I had a few images shot in raw and edited in LR 4.2. When Exporting I saved as jpeg. Now After looking at the edited photos again I want to make some changes. When I pull the jpeg photos up in LR and make some changes in "develop" mode how do I save these changes? 

When I'm happy with the changes in develop mode and then click library, the photos go back to where they were. 

Also, how do I go about overwriting these files with the changes? When I press export it says some operations were not performed:the destination photo would replace the existing photo


----------



## clee01l (Oct 9, 2012)

If you don't care about keeping the earlier edits, all you need to do is open the same RAW file in LR in Develop.  Your adjustment sliders will be exactly in the position they were in when the JPEG was created on export.  
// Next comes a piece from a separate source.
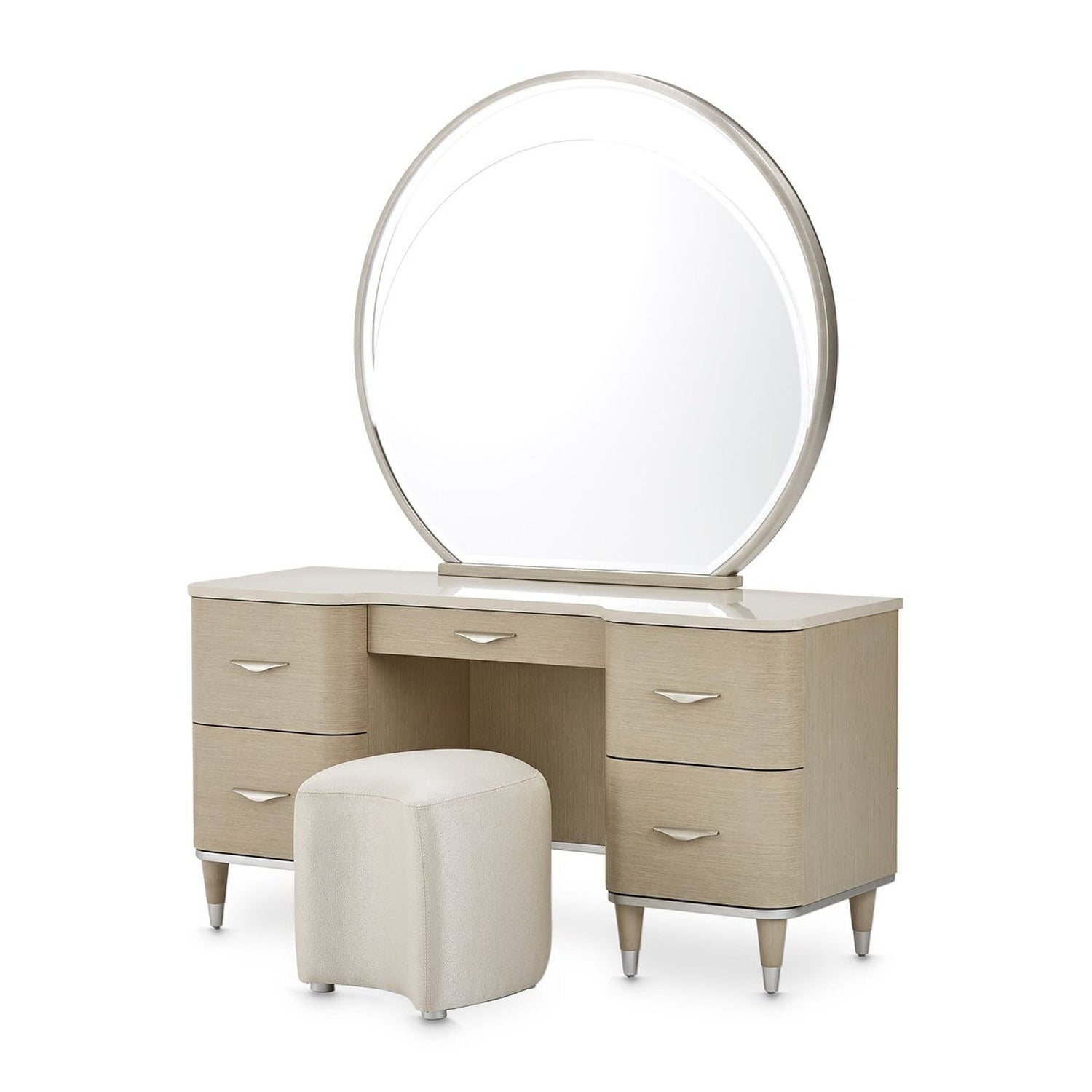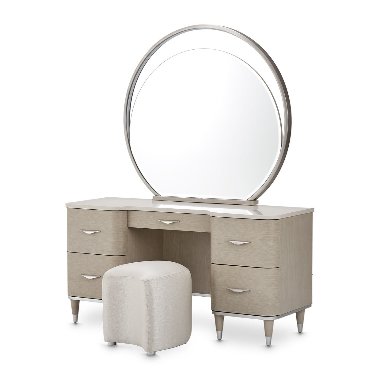 Mirror Eclipse Vanity Desk Mirror & Stool 3 Pc - Aico Furniture
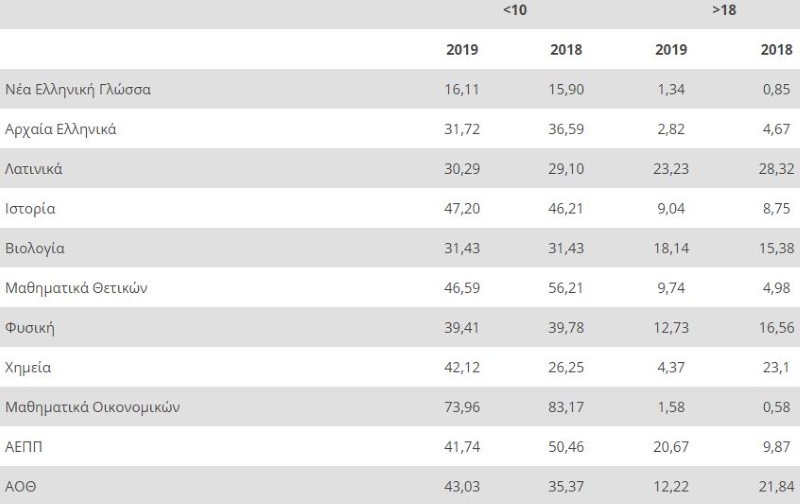 Σύμφωνα με τον έμπειρο εκπαιδευτικό αναλυτή, «τα παραδοσιακά δύσκολα μαθήματα είναι τα Αρχαία Ελληνικά, η Ιστορία, τα Μαθηματικά, η Φυσική. Στα Αρχαία Ελληνικά το ποσοστό των υποψηφίων που γράφουν κάτω από τη βάση ήταν στις Πανελλαδικές του 2019 το 31,72%, λίγο μικρότερο από το ποσοστό του 2018, όπως βλέπουμε στον πίνακα (σ.σ. παρακάτω). Το ποσοστό των υποψηφίων που αριστεύουν στα Αρχαία Ελληνικά είναι πάντα κάτω από 5%. Το 2019 ήταν μόλις το 2,82% των υποψηφίων. Η δυσκολία επίτευξης υψηλής βαθμολογίας στα Αρχαία Ελληνικά δείχνει τη δυσκολία του μαθήματος» υπογραμμίζει και προσθέτει:

If you would like to preserve the original edit, you make a Virtual copy in LR,  The original edits are preserved and the virtual copy can contain and adjustments that you make on the original.  The original edits are a set of instructions applied to the original RAW file to produce the Exported JPEG. These instructions take up very little room in the LR catalog database. The Virtual copy begins wirg an identical set of instructions maintained as a separate record . (you can call this a fork in development) further adjustments to the Virtual Copy results in a seperated set of instructions that can be applied to the same master RAW file to produce a different exported JPEG.


----------



## Tony Jay (Oct 9, 2012)

Cletus has checkmate in one.
Nothing to add.


----------